The Boss, and the Boss’ Boss: the Strike at British Airways

The wildcat sympathy strike at British Airways is wonderfully inspiring and a real victory for working people around the world. Of course, the mass media is emphasizing the nightmare stories of tourists stuck in traveler’s limbo, and complaining that this isn’t even British Airways’ fault. Like hell, it’s not.

Like many modern corporations, British Airways has subcontracted a major department – its in-flight food service – to another company. You come across this all the time, even if you’re not aware of it. If you stay at a hotel, but eat breakfast at its restaurant, that restaurant is probably owned and operated by a separate company. If you purchase a computer and call technical support, you’re probably speaking to an employee of another company – based on another continent. The motivation of the boss is to cut costs and remove extraneous concerns.

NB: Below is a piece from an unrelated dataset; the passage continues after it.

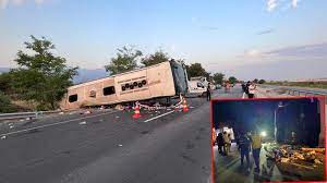 Karşı şeride geçen kum yüklü kamyon yolcu otobüsüyle çarpıştı 6 ölü

An airline already has to pay and manage pilots, flight attendants, grounds crews, reservations agents, customer service call centers and so on and so forth. Add to that all the considerations and payroll of running an in-flight food service: the staff, the decisions, the menus. So, British Airways simply hired another company to do work that the airline itself once did, and it probably hired that company at a lower cost than the operations once cost the airline directly. How does the subcontractor provide the same services at a lower cost? Through “scientific management,” also known as “sweating the workers.” Faster, harder, cheaper. Work, work, work. Cut corners. Limit the menus. Slash the wages.

In the drive to cut costs and raise profits, this company – American-based Gate Gourmet – abruptly fired 670 of its workers last Thursday. Those workers might have received paychecks from a different payroll processor, but they worked alongside the grounds workers, flight attendants and pilots of British Airways, and, seeing their coworkers summarily dismissed from their jobs like that, the workers at British Airways protested by walking off the job and throwing the airline into complete and utter turmoil.


So don’t go shedding any tears for poor, innocent British Airways. They established the low budgets in food service that forced Gate Gourmet to cut those jobs. They are every bit as much the boss as the company that actually fired those 670 workers. The workers at British Airways and Gate Gourmet are holding both corporations responsible for the management decisions that take place at the work site. In so doing, these workers have drawn a line in the sand across the globe. They are saying your corporate shenanigans will not shield you from your responsibility to negotiate with your workers. Solidarity extends across payroll departments.